I want to enable my users to associate their user account with a Facebook or Twitter and allow them to login on my server with their Facebook/Twitter account instead of using the classic username/password. Basically the same idea as the login in StackOverflow.
My current approach for Facebook: The client application will perform OAuth and then use their Facebook id to login on my server. Based on this Facebook id, the server will lookup the associated user account and perform login without asking for username/pasword. However just relying on the Facebook id to login is not very safe, as that is the same as using only a username to login instead of username & password.
So to make sure the Facebook id is authentic, the client application will also provide a FBSR (Facebook Signed Request, see: https://developers.facebook.com/docs/facebook-login/using-login-with-games/#checklogin) with the login request.

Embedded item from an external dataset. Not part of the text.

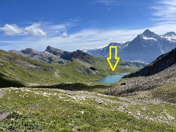 ![]() 休憩した湖 矢印が 山羊攻防で カメラを落とした場所 |
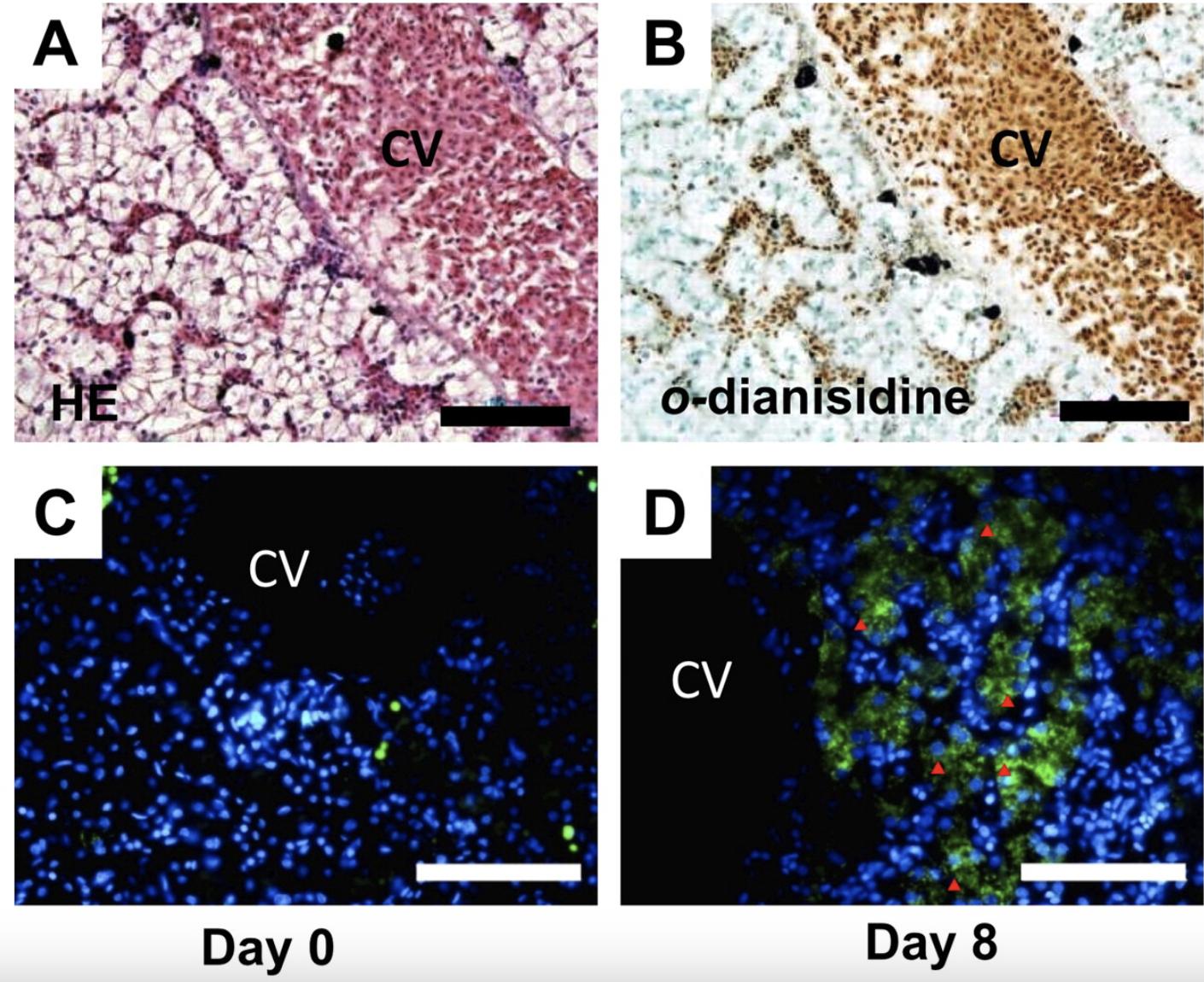 Fig. 1. Erythropoietin receptor (EPOR) expression in the adult liver of Xenopus laevis. Hematoxylin and eosin staining (A) and o-dianisidine staining (B) of paraffin-embedded sagittal tissue sections (4 m thickness) fixed in Bouin's solution. CV indicates the central vein. Immunohistochemical staining of normal (Day 0, C) and phenylhydrazine (PHZ)-anemic (Day 8, D) transverse liver sections (10 m thickness) with xlEPOR polyclonal antibody. xlEPOR-positive cells reside in the hepatic sinusoid of anemic liver. Arrowheads indicate xlEPOR-positive cells, which lie adjacent to the central vein. Nuclei are stained with DAPI (blue). Scale bars represent 100 m.

The server will check two things with this FBSR:
The Facebook id in the request must be the same as the one hidden in the FBSR
Server will recalculate the signature part via the Facebook secret key. This must match with the signature in the FBSR .
Normally the server should perform a check with the Facebook server with the oauth_token to be 100% sure of the users identity. However I need skip this in order to avoid dependency to Facebook server on our server.
I have 2 questions:
1) Is this above approach good enough? Can it be improved (without server-to-server communication)?
2) I want to do the same with a Twitter account, but the their signed request is different then Facebook. It seems the Twitter user id is embedded in the oauth_token, so my approach may work with a little tweak, but I am not sure whether the user id is always part of the oauth_token and cannot get this confirmed after searching the internet.
I think that your approach is good enough and don't see any way to avoid server-to-server communication with a signed request. Bear in mind that, with Facebook Graph Api Version 2, in order to protect the privacy of the user, Facebook will send out not the real user id, but one generated for apps. It will also be possible to enable anonymous login.
I am not sure of what you're trying to do with Twitter, and why you compare the APIs (they're quite different). The Twitter login, also know as Sign in with Twitter, used for any website or mobile app, should work for you too.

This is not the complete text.